Konrad Rykaczewski, a Fulton Schools assistant professor of aerospace and mechanical engineering, has been working on alternatives to conventional time-consuming and expensive chemical, mechanical and thermal methods of preventing ice and frost buildup.

nanotechnology, de-icing methods, frost prevention, moisture prevention

Assistant Professor Konrad Rykaczewski’s lab is working to solve problems caused when frost, ice and moisture builds up in places where its impact is detrimental. Photographer: Jessica Hochreiter/ASU

His solution involves developing nano-engineered surfaces with properties that enable them to repel water, but also prevent nucleation of frost, thus also keeping all possible forms of ice from building up.

Nucleation is a physical process in which a change of state — for example, from liquid to solid — occurs in a substance around certain focal points, known as nuclei.

Rykaczewski’s progress is detailed in an article on the research and tech news website Nanowerk. The article is based on a paper by Rykaczewski and soon-to-be-graduating Fulton Schools doctoral student Xiaoda Sun published recently in the American Chemical Society journal ACS Nano.

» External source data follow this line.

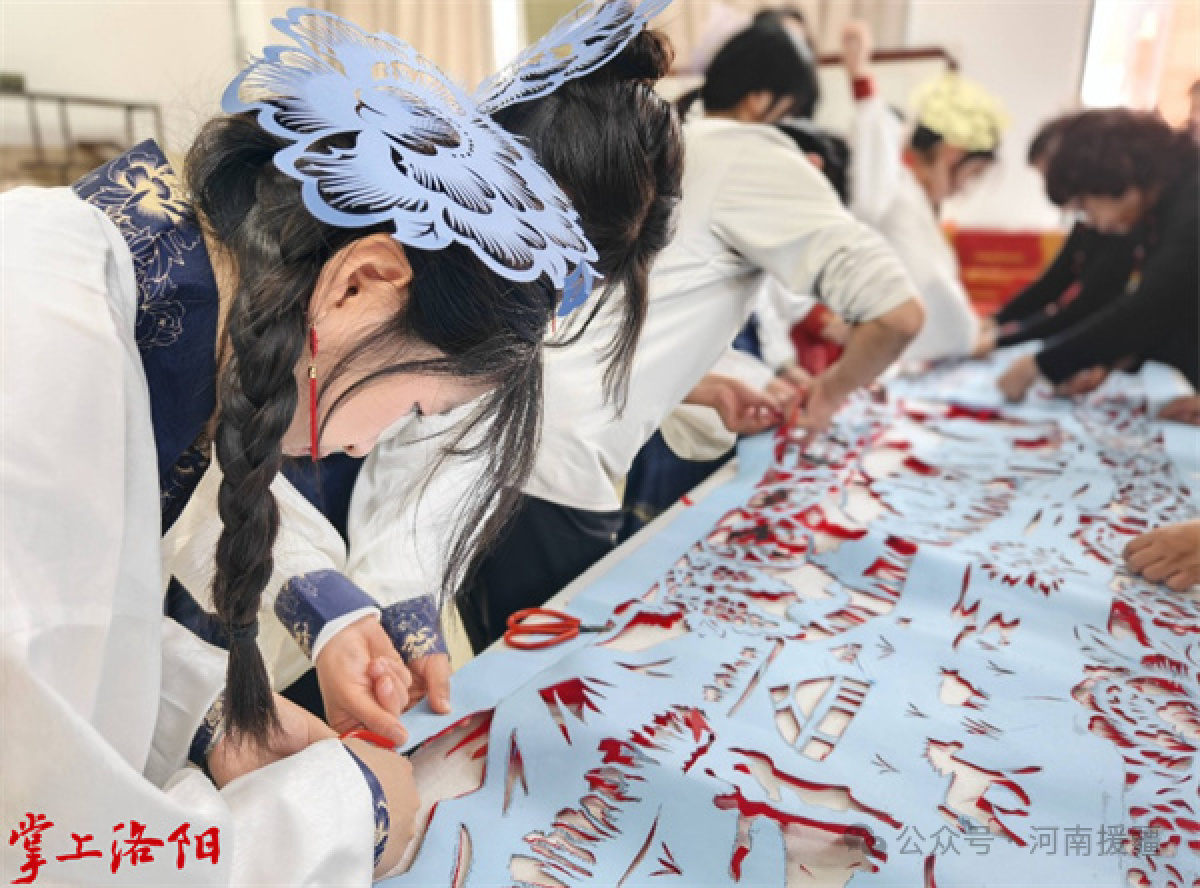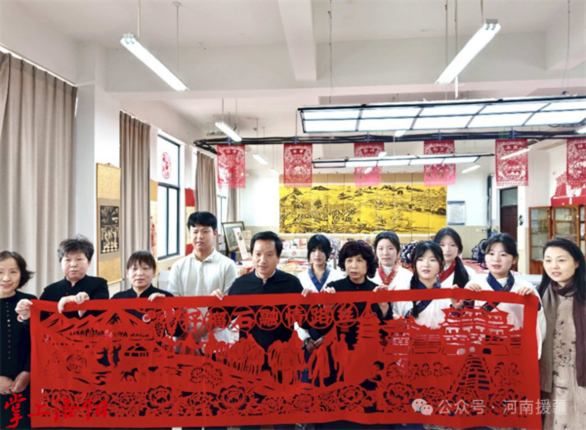 巧指翻、剪刀舞、纸花扬……19日,在洛阳职业技术学院“王飞大师工作室”里,随着十多位创作者落下最后一剪,一幅名为《丝路情融石榴籽》的3米剪纸长卷圆满完成,惊艳亮相。
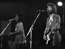 In 1974, Clapton was partnered with Pattie Boyd (they would not actually marry until 1979) and no longer using heroin (although starting to drink heavily). He assembled a low-key touring band that included Radle, Beeka, Miami guitarist George Terry, keyboardist Dick Sims (who died in 2011 ), drummer Jamie Oldaker, and vocalists Yvonne Elliman and Marcy Levy (also known as Marcella Detroit). With this band Clapton recorded 461 Ocean Boulevard (1974), an album with an emphasis on more compact songs and fewer guitar solos; the cover version of " I Shot The Sheriff" was Clapton's first No. 1 hit and was important in bringing reggae and the music of Bob Marley to a wider audience. The 1975 album There's One in Every Crowd continued this trend. The album's original title, The World's Greatest Guitar Player (There's One In Every Crowd), was changed before pressing, as it was felt its ironic intention would be misunderstood. The band toured the world and subsequently released the 1975 live LP, E.C. Was Here. Clapton continued to release albums and toured regularly. Highlights of the period include No Reason to Cry (a collaboration with Bob Dylan and The Band); Slowhand, which featured " Wonderful Tonight" (another song inspired by Boyd); and a second J.J. Cale cover, " Cocaine". In 1976 he performed, alongside a string of notable guests, to pay tribute to the farewell performance of The Band, filmed in a Martin Scorsese documentary called The Last Waltz.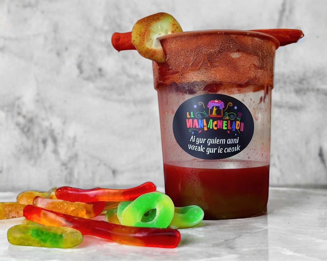 Escarchada con jalea y chilito tradicional, limón, jarabe de manzana verde, jarabe de grosella, gomitas de gusano y manzana y banderilla de tamarindo.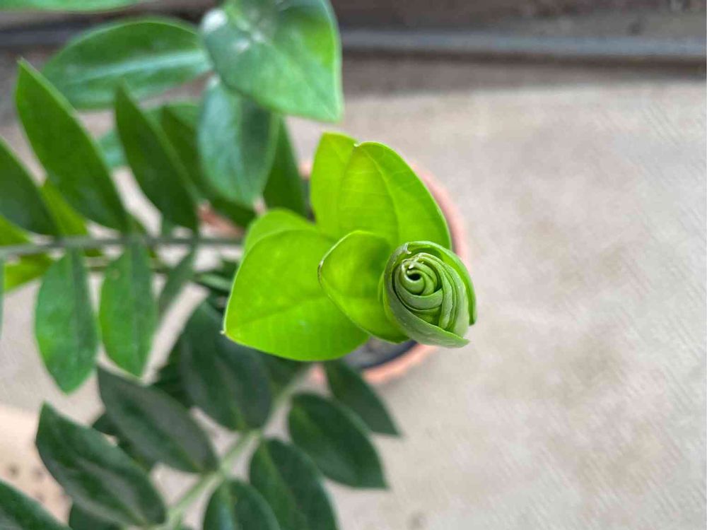2/14 先ほどのザミオカルカスの蕾を真上から覗いたら、バラの花のように見えちゃったので、upしちゃお❣️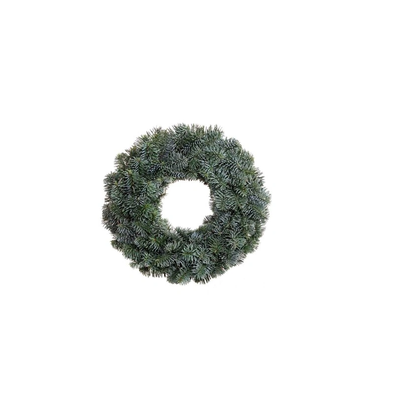 Wianek upleciony z gałązek jodły Nobilis, na podkładzie słomianym. Wianek idealny do powieszenia na drzwi, ściany w domu lub położenia na stół lub komodę. Wianek jest produktem naturalnym, gałązki zasychają i mogą się kruszyć.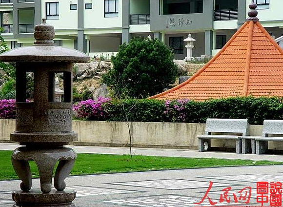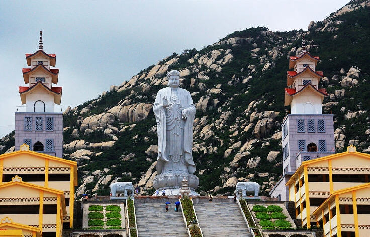 沿平台后石阶而上,则来到第二平台。迎面则是普照禅寺大门,大门上,“普照禅寺”四个字金光闪闪,两旁的楹联是“剏造禅林庄严梵宇导民向善,慈悲喜舍佛漉净业宗趣广达。”是“沙门竺摩”的题字。平台两旁也各建成长廊,可沿石阶到达第三平台。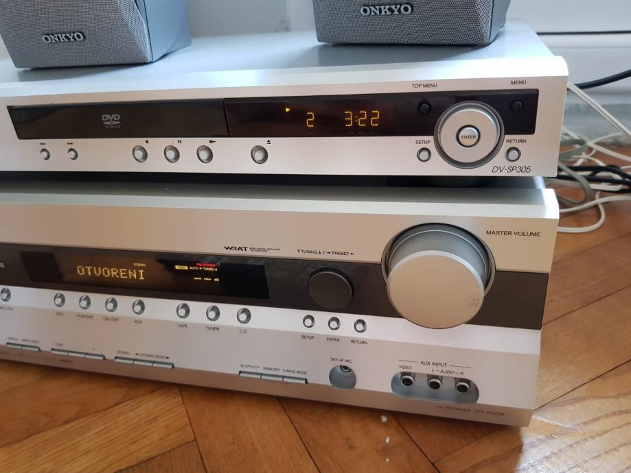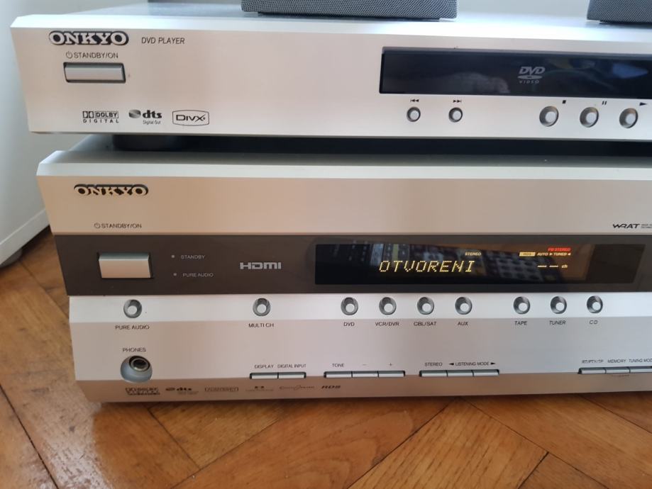 Na prodaju je reciver onkyo i dvd. Radi uredno , hdmi nemam pojma da li radi jer nemam uređaj za probu. Dolazi s daljinskim upravljačem i 2 zvučnika, te bez bilo kakve opreme i kablova. Za tehničke karakteristike molim proguglati. Zamjena me ne zanima. Cijena je fixna. Ukoliko je potrebno slanje moguće je samo uz prethodnu uplatu na račun. Ne odgovaram na SMS poruke ili pozive, dakle sav kontakt i dogovor isključivo tu preko njuškala.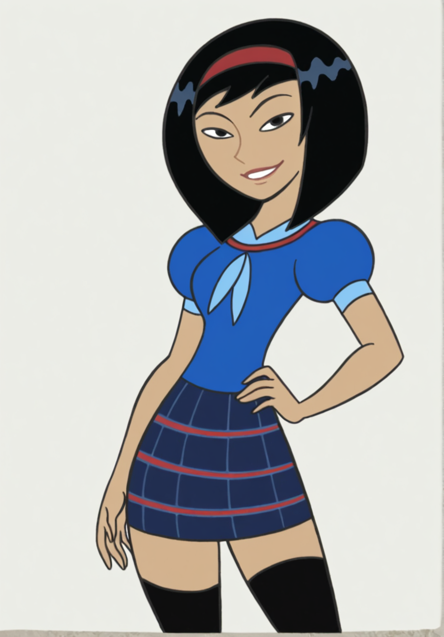 masterpiece, best quality, high quality, 1girl, KPYoriGirl, flat colors, parody, score_9, black hair, black eyes, red hairband, blue shirt, skirt, thigh highs.
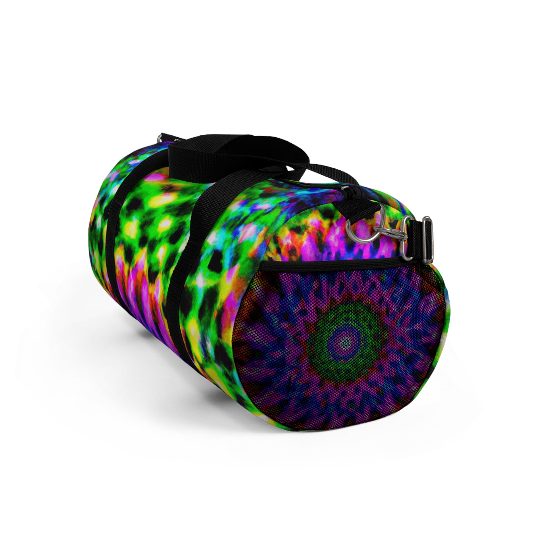 This duffle bag with a playful neon twist is sure to turn heads. It features trippy pineapple, kaleidoscope, abstract, digital art, and neon colors, with stunning HD-level designs. Perfect for adding a flashy touch to any outfit. #trippyart #dufflebag #pineapple #kaleidoscope #abstract #digitalart #neon #neoncolors #hd #hdlevel #designs #fashion #style #playful #fierce #standout #statementpiece #uniquefashion #empower #dazzle #stylish #trendy #picnicready #bagsofstyle #throwiton #bringit #bebold #daretobedifferent #tailorit #customizeit
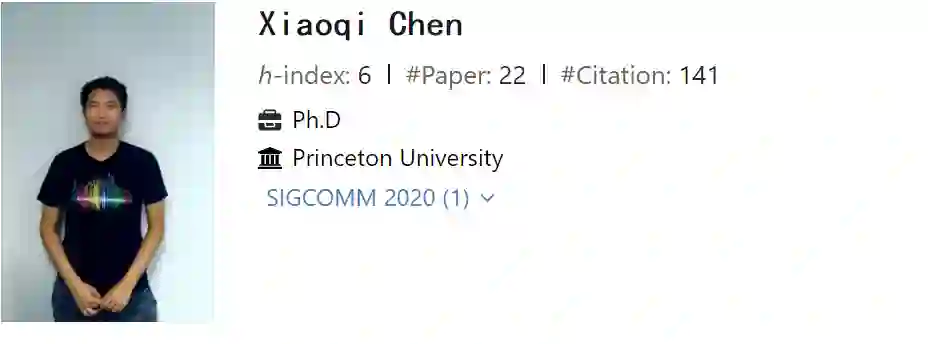 Xiaoqi Chen 的研究是使用可编程数据平面进行网络测量。他的兴趣还包括数据中心网络、草图和网络科学。他目前是普林斯顿大学的博士生,本届会议上有 1 篇论文作为一作入选。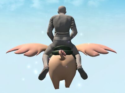 “Unlike its kin, this porxie was born without the ability to cure the tempered. Rather than have it go to waste, however, it was made into a mount and given a crown─perhaps to evoke a sense of luxury and comfort.

The Nanowerk article describes in detail their work on a novel method involving designs for coatings that prevent frost nucleation by altering water vapor concentration in the air just above the coating. This is in contrast to traditional approach of inhibiting nucleation that relies on increasing energetic barriers with hydrophobic coatings.

Rykaczewski and Sun theoretically and experimentally demonstrated that optimizing their bi-layer coatings with nanoscale features can prevent frost from forming in temperatures as low as -40 degrees Celsius.

Read more news about the discoveries he has made that led him to research this new approach to a de-icing method.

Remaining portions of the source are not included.